To access a MaxCompute project with the schema feature (three-layer model) enabled, also add the following parameter. For more information, see Spark Connector and Schema operations.

spark.sql.catalog.odps.enableNamespaceSchema true

Create a SQL session

  1. Log on to the EMR console.

  2. In the left-side navigation pane, choose EMR Serverless > Spark.

  3. Click the name of your workspace.

  4. In the left-side navigation pane, choose Operation Center > Sessions.

  5. On the SQL Session tab, click Create SQL Session.

  6. Enter a name (for example, mc_sql_compute), paste the Spark configuration above into the Spark Configuration field, and click Create.

Create a Notebook session

  1. Log on to the EMR console.

  2. In the left-side navigation pane, choose EMR Serverless > Spark.

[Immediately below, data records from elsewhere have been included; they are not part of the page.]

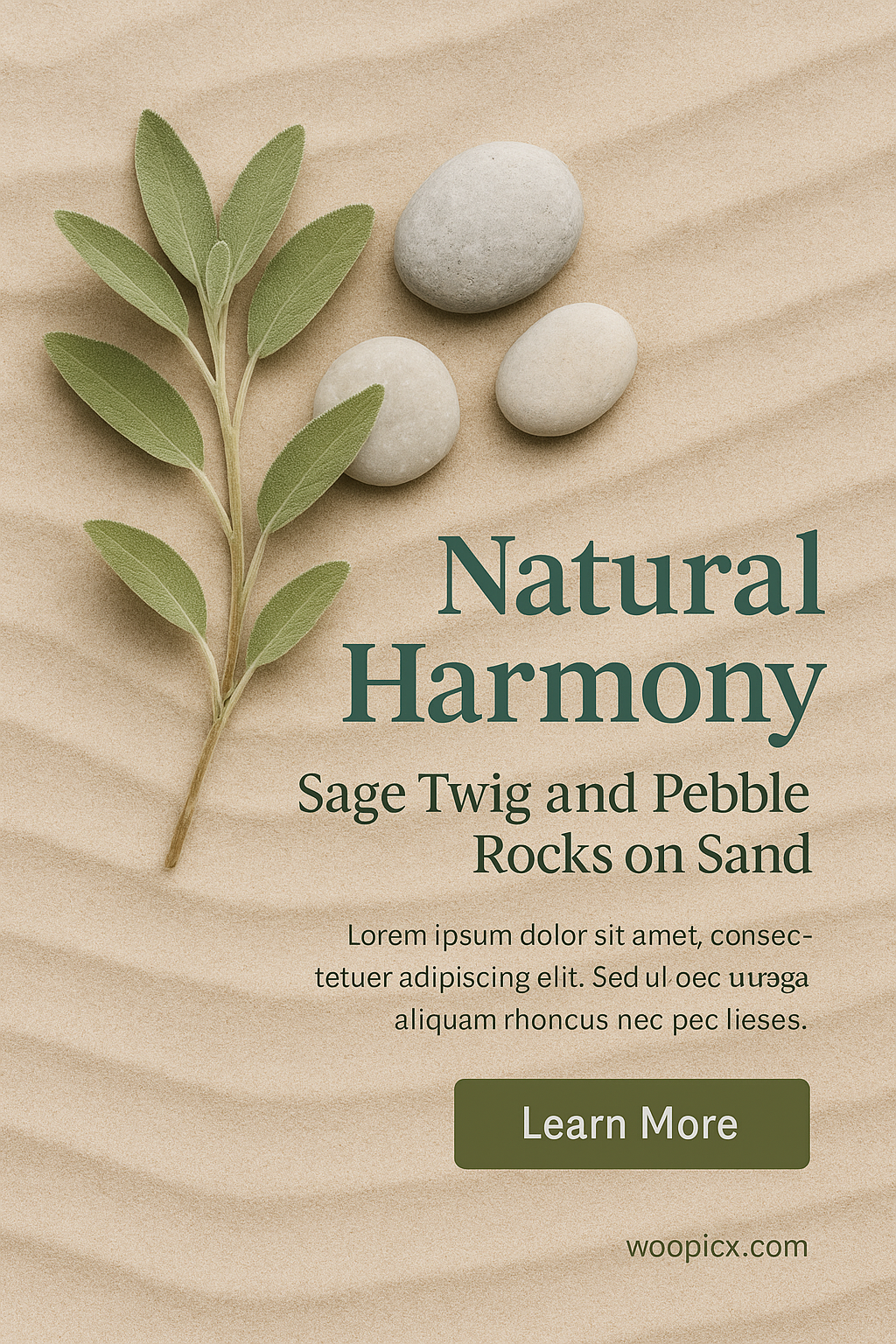 Nature-Themed Promotional Graphic Featuring Sage Twig and Pebbles
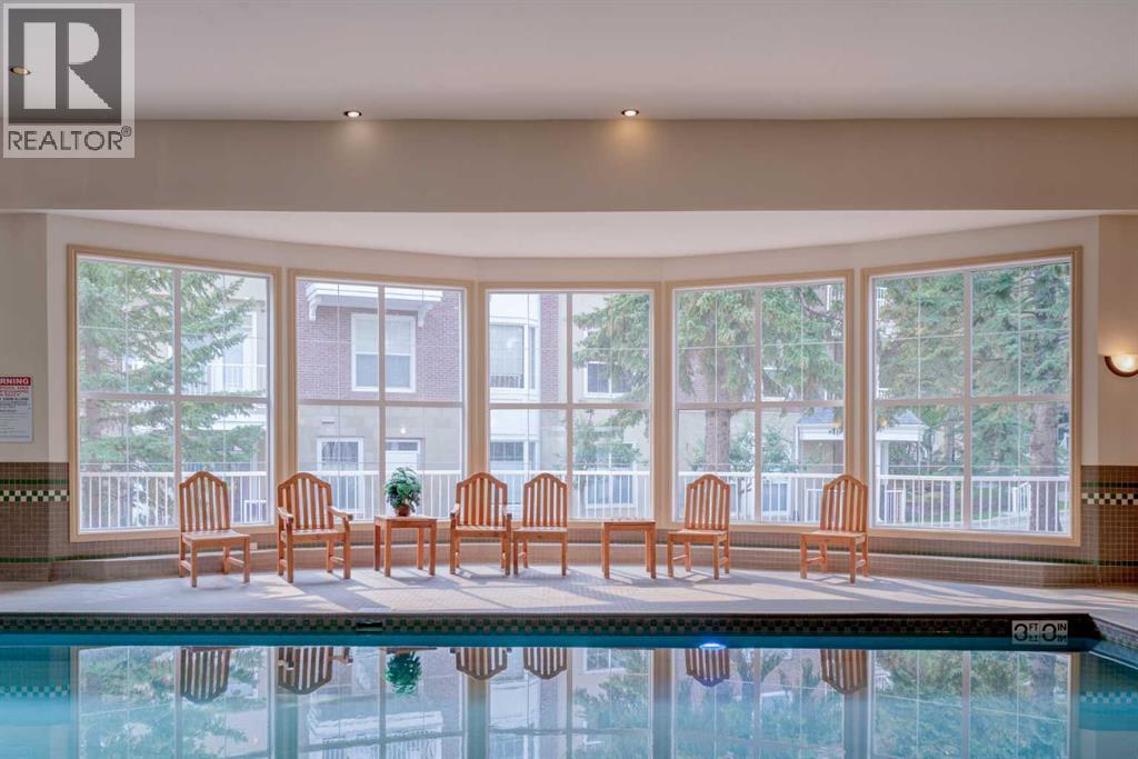 SWIMMING POOL & DEDICATED AMENITIES BUILDING - TITLED UNDERGROUND STALL - TRUE PEDESTRIAN LIFESTYLE! Welcome home to #206 of The Courtyards at Garrison Woods, an exceptional opportunity to live in one of Calgary’s most sought after inner city communities, just steps to the vibrant shops, cafés, and boutiques of Marda Loop. This beautifully appointed 739 sqft one bedroom, one bathroom residence offers an elegant blend of comfort and functionality, ideal for professionals, first time buyers, or savvy investors. Soaring 9’ ft ceilings create an immediate sense of space, while the wide, open concept living room provides exceptional layout flexibility; perfect for both entertaining and everyday living. A cozy gas fireplace anchors the space, adding warmth and ambiance year round. The thoughtfully designed kitchen features a generous peninsula with seating, offering both additional prep space and an inviting gathering spot. Whether hosting friends or enjoying a quiet evening at home, the seamless flow between kitchen and living area enhances the overall experience. Just off of the living room, tucked in behind closet doors, is a built-in desk. This provides options such as working from home (you can close the doors on your office to have it completely separate!), a dedicated beverage station, or additional storage space. The primary bedroom retreat is naturally brightened by two large windows, which provides a sense of serenity and relaxation. The bedroom also includes a convenient walkthrough closet that leads directly into the well appointed bathroom, creating a private, ensuite-style feel. A dedicated in suite laundry room adds everyday practicality, while the private balcony overlooking the beautifully landscaped courtyard provides a peaceful outdoor escape, ideal for morning coffees or unwinding at the end of the day. Residents also enjoy secured, heated underground parking with a car wash bay and storage lockers. Strategically located in the middle of the complex, i s an impressive amenities building. Complete with a swimming pool, fully equipped fitness area, party room, and guest suites - an extension of your living space that enhances both lifestyle and convenience. Units in this building rarely come up, as it is unique to find this style of complex (adults 18+ and separate amenities building), tucked in from behind the hustle and bustle of Marda Loop. All of this, just a five minute stroll to the best of Garrison Woods and Marda Loop - trendy restaurants, specialty grocers, fitness studios, and everyday essentials - offering an unmatched walkable urban lifestyle in one of Calgary’s most established and charming neighbourhoods. Fantastic value in this wider than your average one bedroom, one bathroom unit, with reasonable condo fees that include all the amenities. Contact your favourite realtor to schedule a private showing, and make #206 your new home! (id:53676)
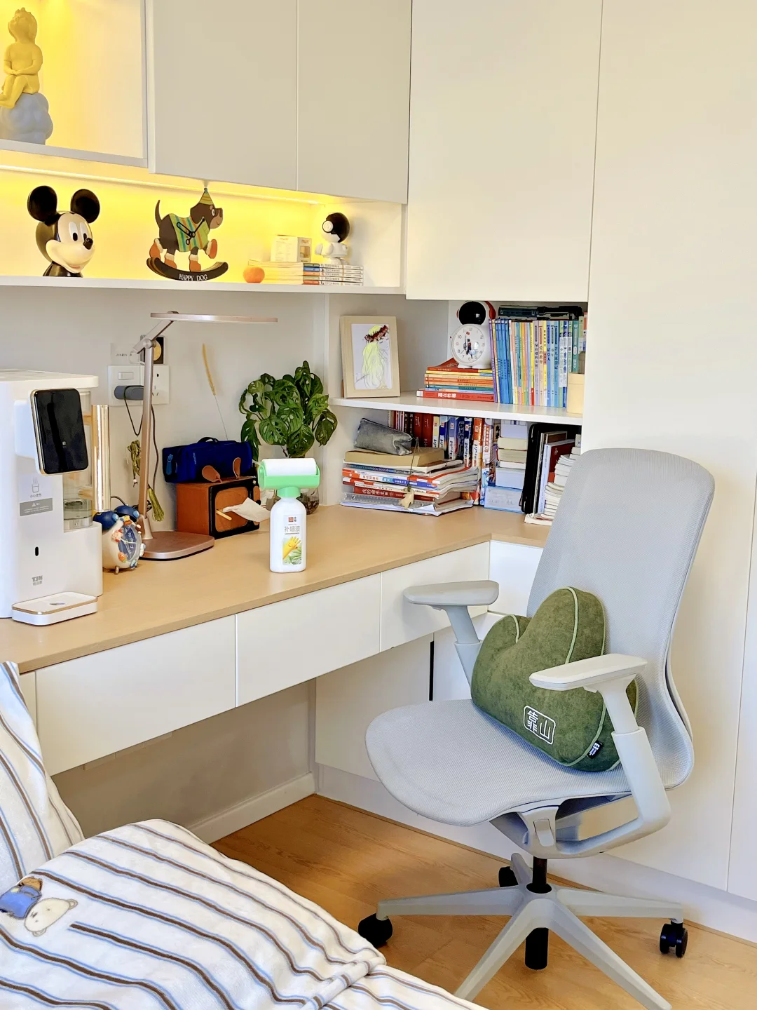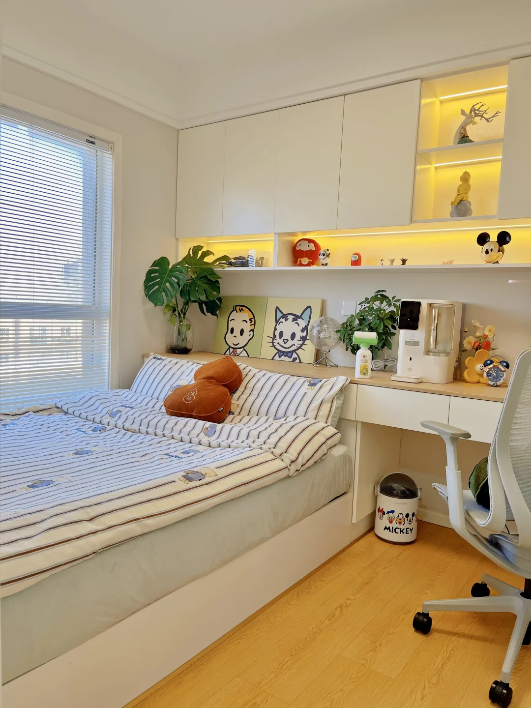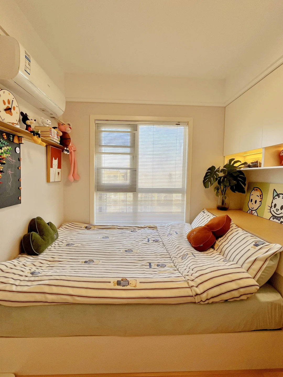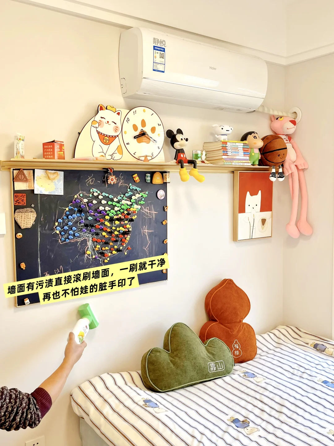 很多朋友问我家儿童房怎么能一直保持干净清爽?其实就两点:一是收纳要足够,二是墙面常维护。我家是木工打的榻榻米+衣柜+书柜一体,东西都能收进柜里,桌面不乱堆,自然就整洁了

  3. Click the name of your workspace.

  4. In the left-side navigation pane, choose Operation Center > Sessions.

  5. Click the Notebook Sessions tab, then click Create Notebook Session.

  6. Enter a name (for example, mc_notebook_compute), paste the Spark configuration above into the Spark Configuration field, and click Create.

For more information about session management, see Session Manager.

Step 2: Read and write data

Use SparkSQL

  1. On the EMR Serverless Spark page, click Data Development in the left navigation pane.

  2. On the Development tab, click the image icon.

  3. In the dialog box, enter a name such as mc_load_task, keep the type as SparkSQL, and click OK.

  4. Paste the following code into the new tab:

    CREATE TABLE odps.default.mc_table (name STRING, num BIGINT);
    
    INSERT INTO odps.default.mc_table (name, num) VALUES ('Alice', 100),('Bob', 200);
    
    SELECT * FROM odps.default.mc_table;
  5. From the database drop-down list, select a database. From the Compute drop-down list, select the SQL session you created in Step 1 (for example, mc_sql_compute).

  6. Click Run. After the job completes, results appear on the Execution Results tab.

    image

  7. To verify, open the MaxCompute console, navigate to your project, and click the Tables tab. The mc_table table should appear.

    image

Use a Notebook

  1. On the EMR Serverless Spark page, click Data Development in the left navigation pane.

  2. On the Development tab, click the image icon.

  3. In the dialog box, enter a name such as mc_load_task, select Interactive Development > Notebook for type, and click OK.

  4. From the session drop-down list, select the Notebook session you created in Step 1 (for example, mc_notebook_compute).

  5. Run the following code cells in sequence: Create a table:

    spark.sql("""
    CREATE TABLE odps.default.mc_table (name STRING, num BIGINT);
    """)

    Insert data:

    spark.sql("INSERT INTO odps.default.mc_table (name, num) VALUES ('Alice', 100),('Bob', 200);")

    Query data:

    spark.sql("SELECT * FROM odps.default.mc_table;").show()

    Results appear on the Execution Results tab.

    image

  6. To verify, open the MaxCompute console, navigate to your project, and click the Tables tab. The mc_table table should appear.

    image

FAQ

Why do I get an "Access Denied" error when querying a MaxCompute table?

Symptom:

Access Denied - Not allowed to use storage api service on current endpoint

Cause: This error occurs because the current user is not authorized to use the MaxCompute Storage API service, or the endpoint being used does not support the Storage API feature.

Solution:

  1. In the MaxCompute console, go to Tenants > Tenant Property and check whether open storage is enabled. If not, see Enable open storage.

  2. If open storage is enabled, switch to an endpoint that supports the Storage API. See Supported regions.

What's next

The examples in this topic use SparkSQL and Notebook jobs. To use other job types (batch or streaming), see Develop a batch or streaming job.